`Lag` and `Lead` operators can be used on ordered sets only via the methods `lag()` and `lead()`. They are used to relate the current member of an ordered set to the previous or next member of the set. Both `lag()` and `lead()` require the argument `n` indicating the element offset to be applied. The optional argument `type="linear"` can be used to specify the behavior of the operator (`"linear"` or `"circular"`). The following table gives an overview of the available combinations:

Operation

Description

`i.lag(n, "linear")`

Refers to the element of the ordered set `i` whose relative position in the set is `Ord(i)-n`.

`i.lead(n, "linear")`

Refers to the element of the ordered set `i` whose relative position in the set is `Ord(i)+n`.

`i.lag(n, "circular")`

Same as `i.lag(n, "linear")`, only here the first element of the set is assumed to be preceded by the last element of the set, thus forming a circle of elements.

`i.lead(n, "circular")`

Same as `i.lead(n, "linear")`, only here the last element of the set is assumed to be followed by the first element of the set, thus forming a circle of elements.

Note that the only difference between `type="linear"` and `type="circular"` is how endpoints are treated. Linear operators assume that there are no elements preceding the first and following the last element of the ordered set. This assumption may result in elements of the set being referenced that actually do not exist. Therefore the user must think carefully about the treatment of endpoints. Models with linear lag and lead operators will need special exception handling logic to deal with them. The following sections will describe how this issue is handled in `GAMSPy` in the context in which these operators are typically used: assignments and equation definitions. Linear lag and lead operators are useful for modeling time periods that do not repeat, like a set of years (say `"1990"` to `"1997"`).

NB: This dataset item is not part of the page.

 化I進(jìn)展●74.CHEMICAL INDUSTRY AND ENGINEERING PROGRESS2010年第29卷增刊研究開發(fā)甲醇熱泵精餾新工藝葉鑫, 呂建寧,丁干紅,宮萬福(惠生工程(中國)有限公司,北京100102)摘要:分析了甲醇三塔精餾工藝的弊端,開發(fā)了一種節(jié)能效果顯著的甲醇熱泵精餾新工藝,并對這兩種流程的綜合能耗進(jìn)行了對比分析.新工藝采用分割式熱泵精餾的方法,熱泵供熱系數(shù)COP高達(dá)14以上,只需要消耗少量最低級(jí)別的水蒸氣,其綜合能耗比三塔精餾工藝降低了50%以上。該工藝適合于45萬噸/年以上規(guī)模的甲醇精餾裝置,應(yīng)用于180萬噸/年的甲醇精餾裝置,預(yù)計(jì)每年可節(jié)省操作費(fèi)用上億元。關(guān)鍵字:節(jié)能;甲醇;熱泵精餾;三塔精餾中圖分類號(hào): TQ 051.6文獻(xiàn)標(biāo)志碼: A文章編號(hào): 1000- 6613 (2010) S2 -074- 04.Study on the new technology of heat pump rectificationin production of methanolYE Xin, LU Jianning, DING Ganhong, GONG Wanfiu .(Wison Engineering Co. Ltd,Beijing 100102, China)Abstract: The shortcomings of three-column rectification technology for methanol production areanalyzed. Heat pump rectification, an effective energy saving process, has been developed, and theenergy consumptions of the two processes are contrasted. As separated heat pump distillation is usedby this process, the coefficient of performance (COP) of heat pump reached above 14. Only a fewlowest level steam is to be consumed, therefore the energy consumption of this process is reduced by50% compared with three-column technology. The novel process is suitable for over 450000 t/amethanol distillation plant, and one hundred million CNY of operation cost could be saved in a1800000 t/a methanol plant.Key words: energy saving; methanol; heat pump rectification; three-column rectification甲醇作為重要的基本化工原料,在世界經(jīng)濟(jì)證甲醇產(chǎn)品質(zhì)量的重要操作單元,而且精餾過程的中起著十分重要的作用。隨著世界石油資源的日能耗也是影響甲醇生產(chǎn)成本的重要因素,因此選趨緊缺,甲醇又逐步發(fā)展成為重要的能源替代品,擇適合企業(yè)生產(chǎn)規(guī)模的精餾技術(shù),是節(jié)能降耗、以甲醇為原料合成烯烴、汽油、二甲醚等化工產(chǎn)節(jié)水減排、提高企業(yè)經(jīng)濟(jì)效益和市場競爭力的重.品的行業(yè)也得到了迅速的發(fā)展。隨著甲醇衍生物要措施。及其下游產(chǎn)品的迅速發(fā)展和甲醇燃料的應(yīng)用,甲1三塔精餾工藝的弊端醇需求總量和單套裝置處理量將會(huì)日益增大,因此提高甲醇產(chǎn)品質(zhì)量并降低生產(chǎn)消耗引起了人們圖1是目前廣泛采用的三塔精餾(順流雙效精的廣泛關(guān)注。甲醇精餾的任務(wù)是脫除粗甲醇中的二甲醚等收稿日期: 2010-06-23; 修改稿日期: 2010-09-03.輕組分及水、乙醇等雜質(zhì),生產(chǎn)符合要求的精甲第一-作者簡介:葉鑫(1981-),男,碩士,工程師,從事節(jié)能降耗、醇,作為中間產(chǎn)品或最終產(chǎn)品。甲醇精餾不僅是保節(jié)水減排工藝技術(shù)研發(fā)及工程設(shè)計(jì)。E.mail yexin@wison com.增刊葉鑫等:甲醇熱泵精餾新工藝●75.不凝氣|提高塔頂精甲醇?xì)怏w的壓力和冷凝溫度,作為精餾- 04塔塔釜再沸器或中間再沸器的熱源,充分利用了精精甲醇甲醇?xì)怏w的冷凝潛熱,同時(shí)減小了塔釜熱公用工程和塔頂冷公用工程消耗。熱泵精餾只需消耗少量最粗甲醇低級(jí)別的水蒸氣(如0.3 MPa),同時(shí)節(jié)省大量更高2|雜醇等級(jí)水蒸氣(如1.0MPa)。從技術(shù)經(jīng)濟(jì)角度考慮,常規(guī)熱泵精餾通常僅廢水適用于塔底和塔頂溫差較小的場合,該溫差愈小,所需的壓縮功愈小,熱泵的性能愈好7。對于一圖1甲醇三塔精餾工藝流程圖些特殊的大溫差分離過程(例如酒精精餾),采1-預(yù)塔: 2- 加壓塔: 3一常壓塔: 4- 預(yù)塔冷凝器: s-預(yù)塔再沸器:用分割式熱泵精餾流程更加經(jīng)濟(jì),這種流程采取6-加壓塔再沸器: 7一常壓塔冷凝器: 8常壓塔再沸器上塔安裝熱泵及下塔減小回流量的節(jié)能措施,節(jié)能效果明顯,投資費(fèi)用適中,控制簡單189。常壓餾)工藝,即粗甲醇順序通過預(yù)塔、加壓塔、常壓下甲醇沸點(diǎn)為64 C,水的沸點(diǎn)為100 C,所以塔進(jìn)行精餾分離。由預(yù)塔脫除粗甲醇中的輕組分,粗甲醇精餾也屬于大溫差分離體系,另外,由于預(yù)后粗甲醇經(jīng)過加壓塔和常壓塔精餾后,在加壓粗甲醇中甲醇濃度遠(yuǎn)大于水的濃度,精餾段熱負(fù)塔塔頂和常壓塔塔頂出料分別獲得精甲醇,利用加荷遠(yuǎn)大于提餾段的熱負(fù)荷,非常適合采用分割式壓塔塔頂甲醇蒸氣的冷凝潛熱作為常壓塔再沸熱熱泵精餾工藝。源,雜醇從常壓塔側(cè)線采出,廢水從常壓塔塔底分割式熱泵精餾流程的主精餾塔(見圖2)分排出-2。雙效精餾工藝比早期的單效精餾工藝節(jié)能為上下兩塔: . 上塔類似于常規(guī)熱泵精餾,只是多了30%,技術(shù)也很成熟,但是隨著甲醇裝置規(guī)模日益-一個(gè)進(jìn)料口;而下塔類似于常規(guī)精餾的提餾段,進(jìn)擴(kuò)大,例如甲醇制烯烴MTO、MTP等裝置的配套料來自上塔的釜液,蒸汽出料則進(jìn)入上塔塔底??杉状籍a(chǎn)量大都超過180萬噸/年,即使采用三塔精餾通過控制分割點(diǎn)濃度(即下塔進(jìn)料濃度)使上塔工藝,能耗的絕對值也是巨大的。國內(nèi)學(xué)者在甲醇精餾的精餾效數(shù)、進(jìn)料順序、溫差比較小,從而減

Circular lag and lead operators assume that the first and last element of the set are adjacent, so as to form a circular sequence of members. All references and assignments are defined. The assumption of circularity is useful for modeling time periods that repeat, such as months of the year or hours in the day. It is quite natural to think of January as the month following December. Agricultural farm budget models and workforce scheduling models are examples of applications where circular leads occur naturally.

## Lags and Leads in Assignments#

Lag and lead operators may be used in assignments. The use of a lag or lead operator on the right-hand side of an assignment is called a reference, while their use on the left-hand side is called an assignment and involves the definition of a domain of the assignment. The concepts behind reference and assignment are equally valid for the linear and circular forms of the lag and lead operators. However, the importance of the distinction between reference and assignment is not pronounced for circular lag and lead operators, because non-existent elements are not referred to in this case.

Linear Lag and Lead Operators in Assignments - Reference

The following example shows the use of `lag()` on the right-hand side of an assignment:

```import gamspy as gp

m = gp.Container()
t = gp.Set(
m,
name="t",
description="time sequence",
records=[f"y-{x}" for x in range(1987, 1992)],
)
a = gp.Parameter(m, name="a", domain=[t])
b = gp.Parameter(m, name="b", domain=[t])

a[t] = 1986 + gp.Ord(t)
b[t] = -1
b[t] = a[t.lag(1, "linear")]

print(a.records)
print(b.records)
```

This sets the values for the parameter `a` to `1987`, `1988` up to `1991` corresponding to the labels `"y-1987"`, `"y-1988"` and so on. Observe that the parameter `b` is initialized to `-1` so that the result of the next assignment can be seen clearly. The last assignment uses `lag()` on the right-hand side, resulting in the values for `b` to equal the values for `a` from the previous period. If there is no previous period, as with the first element, `"y-1987"`, the value zero is assigned, replacing the previous value of `-1` (values of zero for parameters are not displayed).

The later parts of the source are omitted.